TO DO. Without altering a word, return the records below, but exclude the pictures.

[SUPPLIED DATA — start]

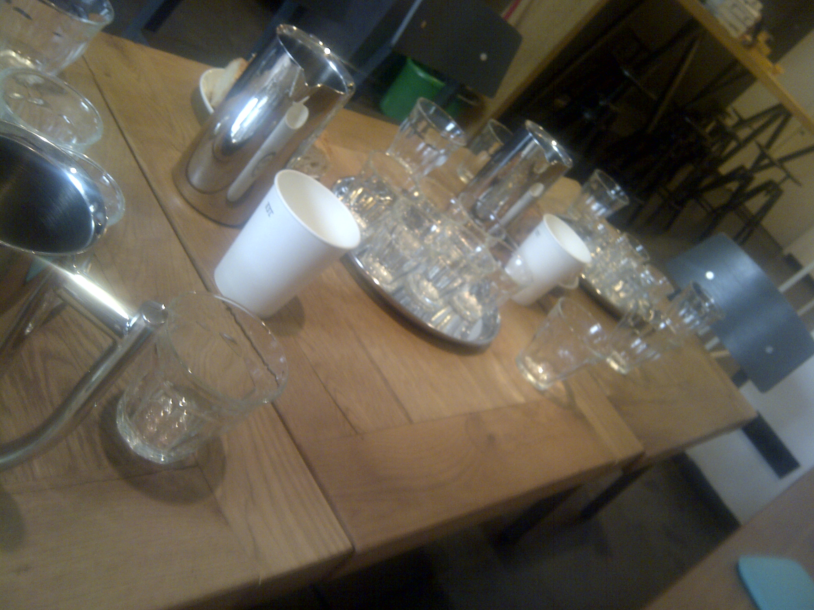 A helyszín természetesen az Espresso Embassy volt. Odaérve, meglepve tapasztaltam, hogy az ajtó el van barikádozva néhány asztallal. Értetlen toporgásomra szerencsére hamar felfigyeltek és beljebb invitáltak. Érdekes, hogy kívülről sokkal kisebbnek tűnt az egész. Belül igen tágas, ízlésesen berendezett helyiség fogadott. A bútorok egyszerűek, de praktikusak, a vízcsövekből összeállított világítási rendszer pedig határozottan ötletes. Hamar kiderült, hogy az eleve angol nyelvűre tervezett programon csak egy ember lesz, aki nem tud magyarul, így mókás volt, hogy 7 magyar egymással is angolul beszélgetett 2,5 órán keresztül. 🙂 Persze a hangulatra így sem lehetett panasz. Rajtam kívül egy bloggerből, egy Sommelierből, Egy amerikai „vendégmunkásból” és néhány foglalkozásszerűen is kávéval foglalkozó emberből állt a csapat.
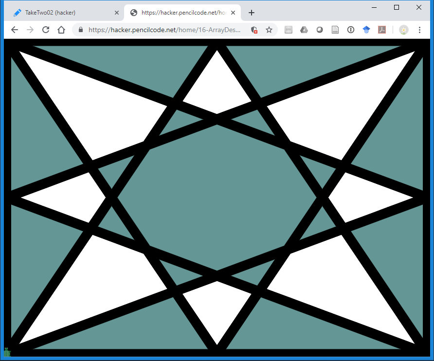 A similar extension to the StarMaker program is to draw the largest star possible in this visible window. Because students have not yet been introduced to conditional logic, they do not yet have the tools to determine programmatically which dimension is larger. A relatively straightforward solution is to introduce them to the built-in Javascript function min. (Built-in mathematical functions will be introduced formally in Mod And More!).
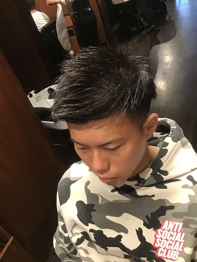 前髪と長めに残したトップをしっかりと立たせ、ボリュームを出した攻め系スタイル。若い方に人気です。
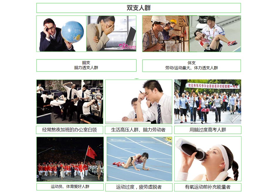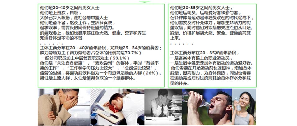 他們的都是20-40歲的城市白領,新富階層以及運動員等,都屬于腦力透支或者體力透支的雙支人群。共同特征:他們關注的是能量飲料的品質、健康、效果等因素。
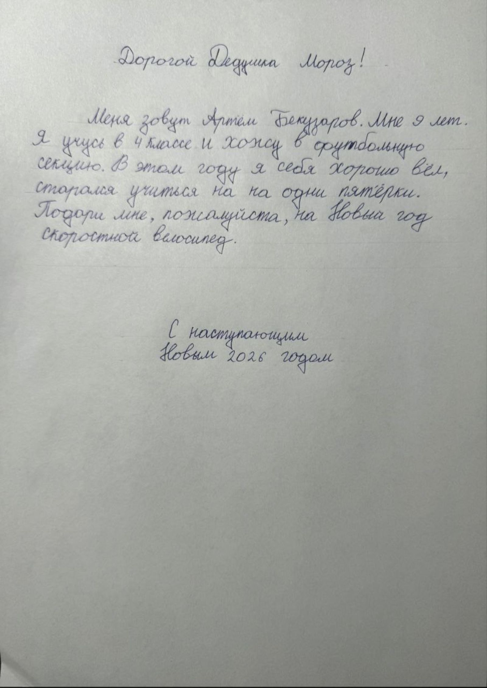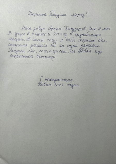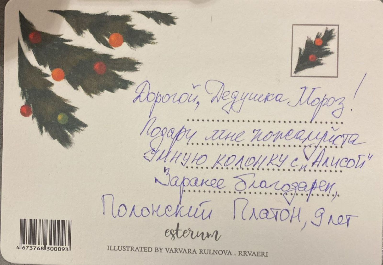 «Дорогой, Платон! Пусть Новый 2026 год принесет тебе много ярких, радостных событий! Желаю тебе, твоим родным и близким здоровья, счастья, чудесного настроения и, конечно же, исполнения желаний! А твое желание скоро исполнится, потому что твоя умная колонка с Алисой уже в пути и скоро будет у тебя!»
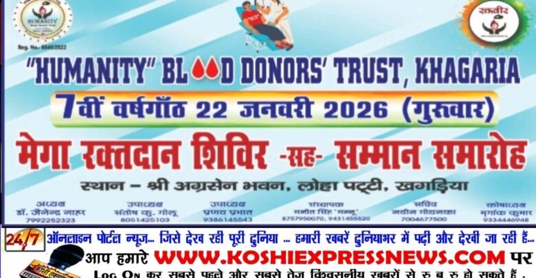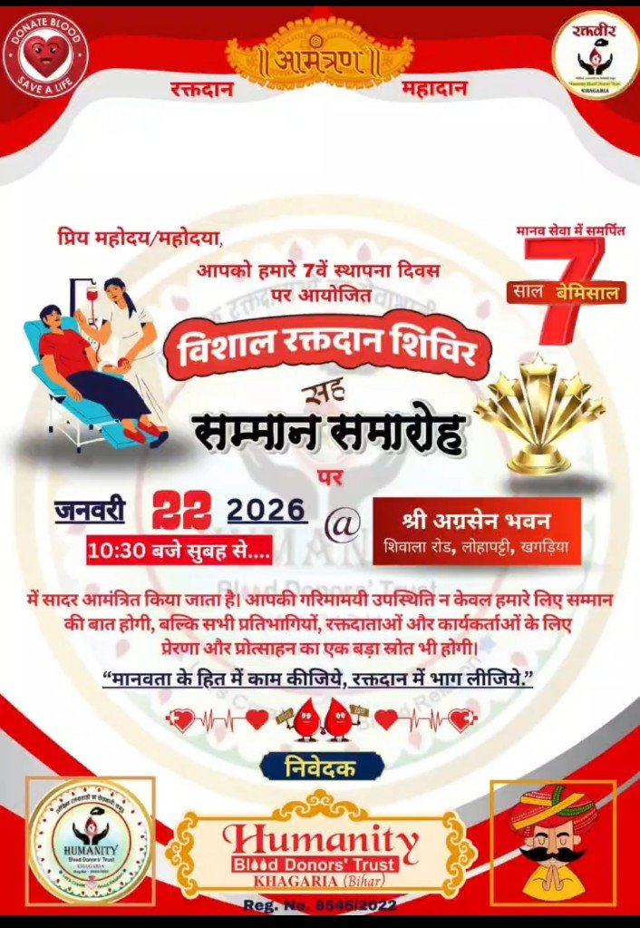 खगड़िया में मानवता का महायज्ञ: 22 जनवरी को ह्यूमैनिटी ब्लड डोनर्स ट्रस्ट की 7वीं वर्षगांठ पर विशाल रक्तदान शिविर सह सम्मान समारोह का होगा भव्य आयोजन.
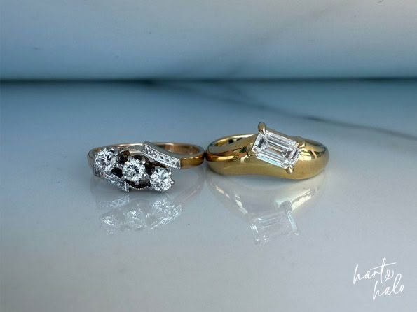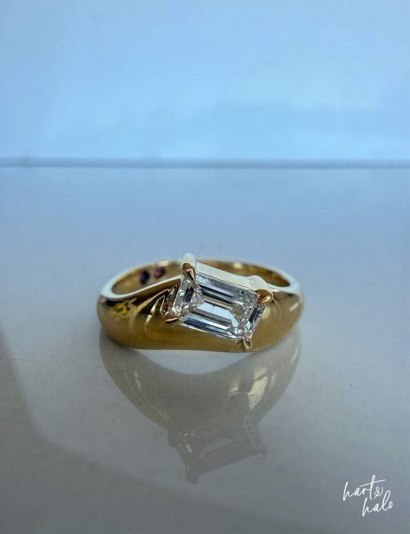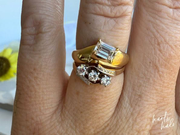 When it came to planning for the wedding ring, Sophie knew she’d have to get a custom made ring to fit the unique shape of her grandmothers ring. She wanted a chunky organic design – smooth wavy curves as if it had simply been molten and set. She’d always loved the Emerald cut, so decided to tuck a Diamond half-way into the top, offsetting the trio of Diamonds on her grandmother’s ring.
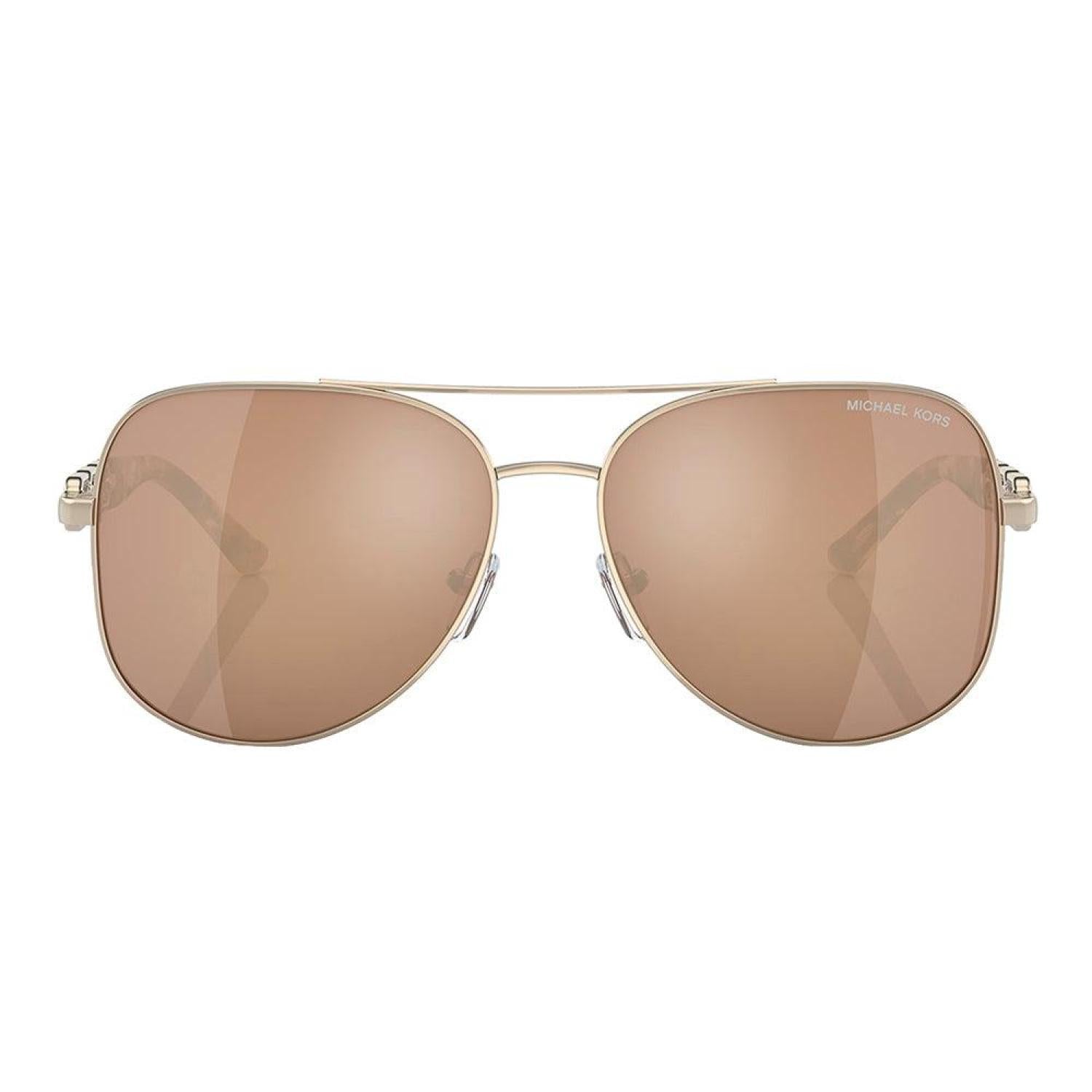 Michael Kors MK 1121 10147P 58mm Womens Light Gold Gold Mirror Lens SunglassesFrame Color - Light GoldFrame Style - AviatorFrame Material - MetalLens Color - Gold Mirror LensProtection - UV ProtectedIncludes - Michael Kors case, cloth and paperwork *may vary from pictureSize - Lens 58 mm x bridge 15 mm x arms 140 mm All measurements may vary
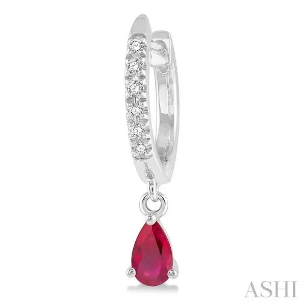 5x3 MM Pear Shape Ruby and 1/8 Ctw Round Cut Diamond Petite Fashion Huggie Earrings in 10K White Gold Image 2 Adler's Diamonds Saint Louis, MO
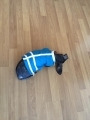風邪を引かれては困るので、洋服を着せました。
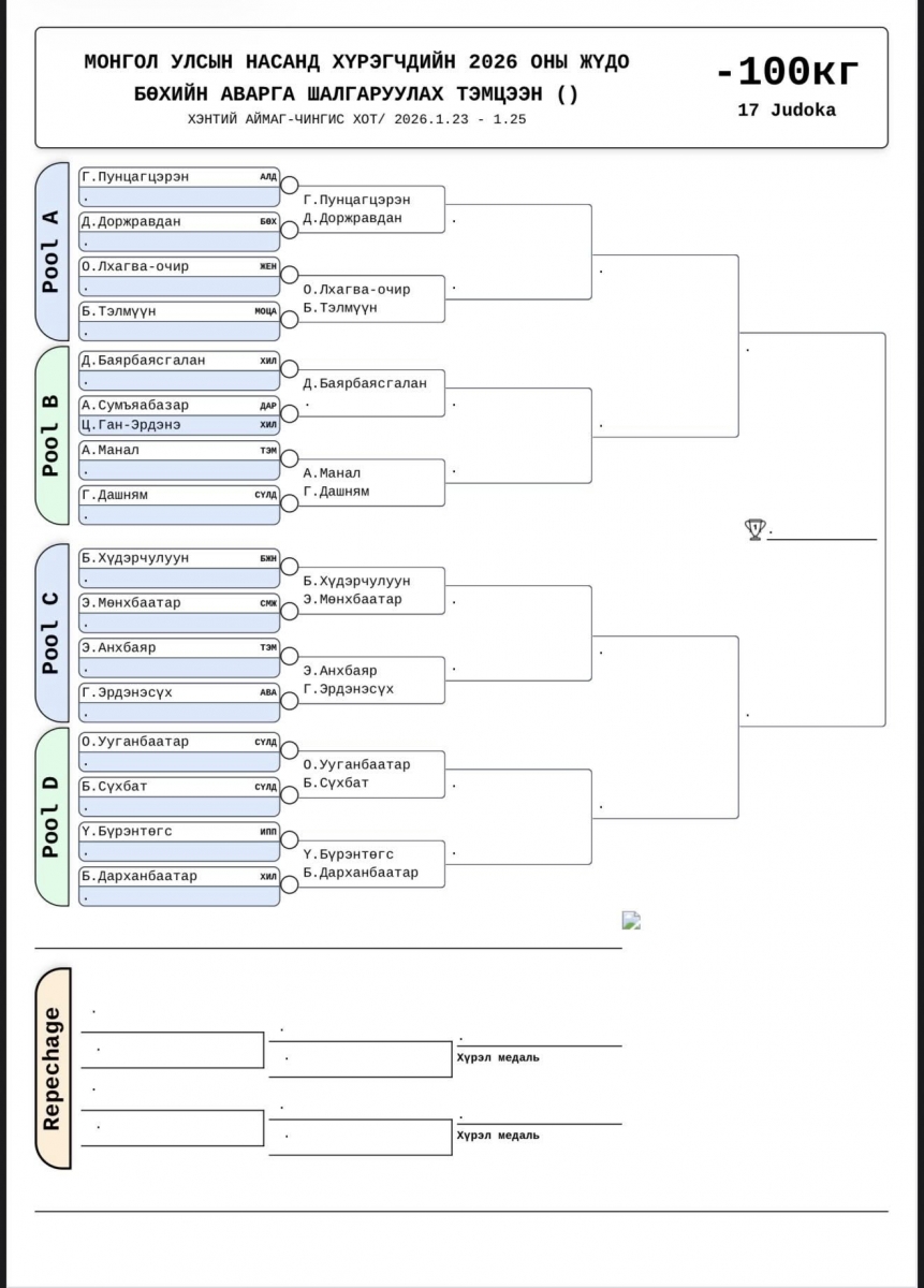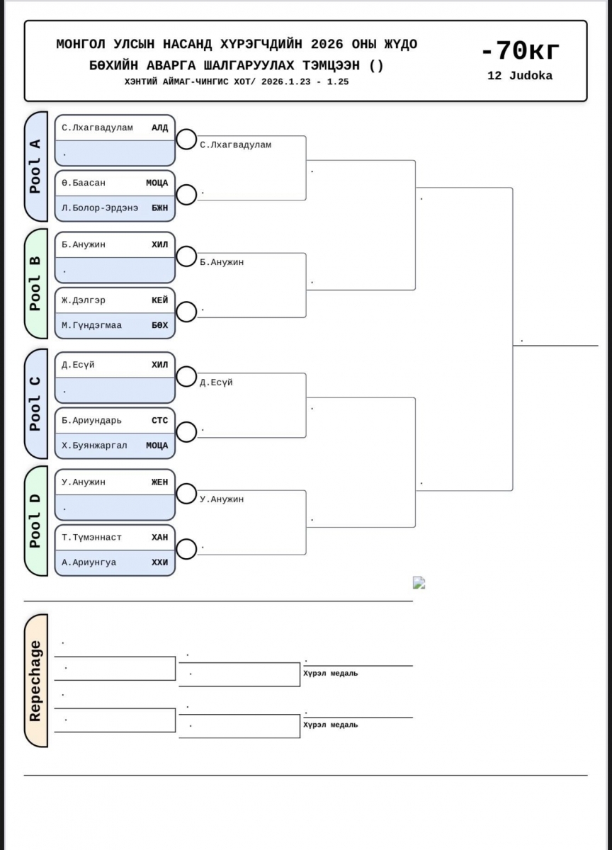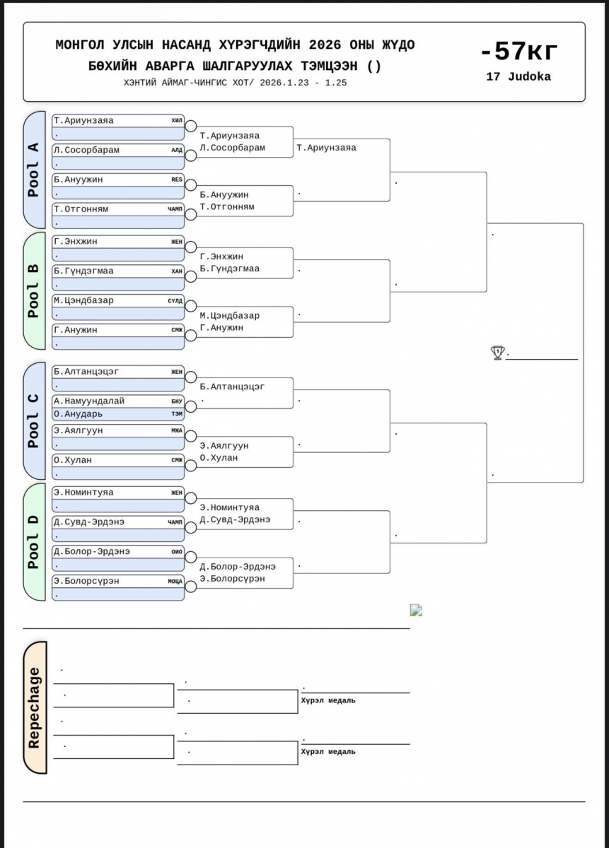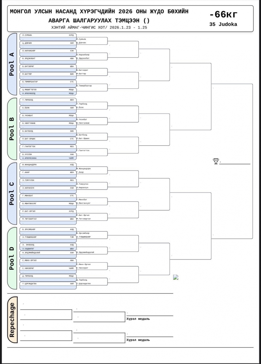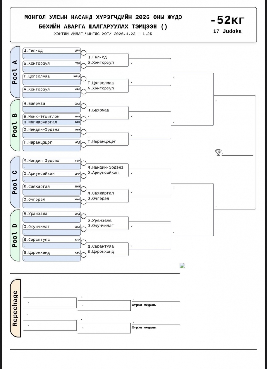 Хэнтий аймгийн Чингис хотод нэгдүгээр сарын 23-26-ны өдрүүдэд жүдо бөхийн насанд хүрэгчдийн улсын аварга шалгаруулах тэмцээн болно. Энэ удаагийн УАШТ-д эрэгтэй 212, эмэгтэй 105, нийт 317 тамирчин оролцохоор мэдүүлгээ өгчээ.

[SUPPLIED DATA — finish]

PROBLEM SOLUTION.
 A helyszín természetesen az Espresso Embassy volt. Odaérve, meglepve tapasztaltam, hogy az ajtó el van barikádozva néhány asztallal. Értetlen toporgásomra szerencsére hamar felfigyeltek és beljebb invitáltak. Érdekes, hogy kívülről sokkal kisebbnek tűnt az egész. Belül igen tágas, ízlésesen berendezett helyiség fogadott. A bútorok egyszerűek, de praktikusak, a vízcsövekből összeállított világítási rendszer pedig határozottan ötletes. Hamar kiderült, hogy az eleve angol nyelvűre tervezett programon csak egy ember lesz, aki nem tud magyarul, így mókás volt, hogy 7 magyar egymással is angolul beszélgetett 2,5 órán keresztül. 🙂 Persze a hangulatra így sem lehetett panasz. Rajtam kívül egy bloggerből, egy Sommelierből, Egy amerikai „vendégmunkásból” és néhány foglalkozásszerűen is kávéval foglalkozó emberből állt a csapat.
 A similar extension to the StarMaker program is to draw the largest star possible in this visible window. Because students have not yet been introduced to conditional logic, they do not yet have the tools to determine programmatically which dimension is larger. A relatively straightforward solution is to introduce them to the built-in Javascript function min. (Built-in mathematical functions will be introduced formally in Mod And More!).
 前髪と長めに残したトップをしっかりと立たせ、ボリュームを出した攻め系スタイル。若い方に人気です。
 他們的都是20-40歲的城市白領,新富階層以及運動員等,都屬于腦力透支或者體力透支的雙支人群。共同特征:他們關注的是能量飲料的品質、健康、效果等因素。
 «Дорогой, Платон! Пусть Новый 2026 год принесет тебе много ярких, радостных событий! Желаю тебе, твоим родным и близким здоровья, счастья, чудесного настроения и, конечно же, исполнения желаний! А твое желание скоро исполнится, потому что твоя умная колонка с Алисой уже в пути и скоро будет у тебя!»
 खगड़िया में मानवता का महायज्ञ: 22 जनवरी को ह्यूमैनिटी ब्लड डोनर्स ट्रस्ट की 7वीं वर्षगांठ पर विशाल रक्तदान शिविर सह सम्मान समारोह का होगा भव्य आयोजन.
 When it came to planning for the wedding ring, Sophie knew she’d have to get a custom made ring to fit the unique shape of her grandmothers ring. She wanted a chunky organic design – smooth wavy curves as if it had simply been molten and set. She’d always loved the Emerald cut, so decided to tuck a Diamond half-way into the top, offsetting the trio of Diamonds on her grandmother’s ring.
 Michael Kors MK 1121 10147P 58mm Womens Light Gold Gold Mirror Lens SunglassesFrame Color - Light GoldFrame Style - AviatorFrame Material - MetalLens Color - Gold Mirror LensProtection - UV ProtectedIncludes - Michael Kors case, cloth and paperwork *may vary from pictureSize - Lens 58 mm x bridge 15 mm x arms 140 mm All measurements may vary
 5x3 MM Pear Shape Ruby and 1/8 Ctw Round Cut Diamond Petite Fashion Huggie Earrings in 10K White Gold Image 2 Adler's Diamonds Saint Louis, MO
風邪を引かれては困るので、洋服を着せました。
 Хэнтий аймгийн Чингис хотод нэгдүгээр сарын 23-26-ны өдрүүдэд жүдо бөхийн насанд хүрэгчдийн улсын аварга шалгаруулах тэмцээн болно. Энэ удаагийн УАШТ-д эрэгтэй 212, эмэгтэй 105, нийт 317 тамирчин оролцохоор мэдүүлгээ өгчээ.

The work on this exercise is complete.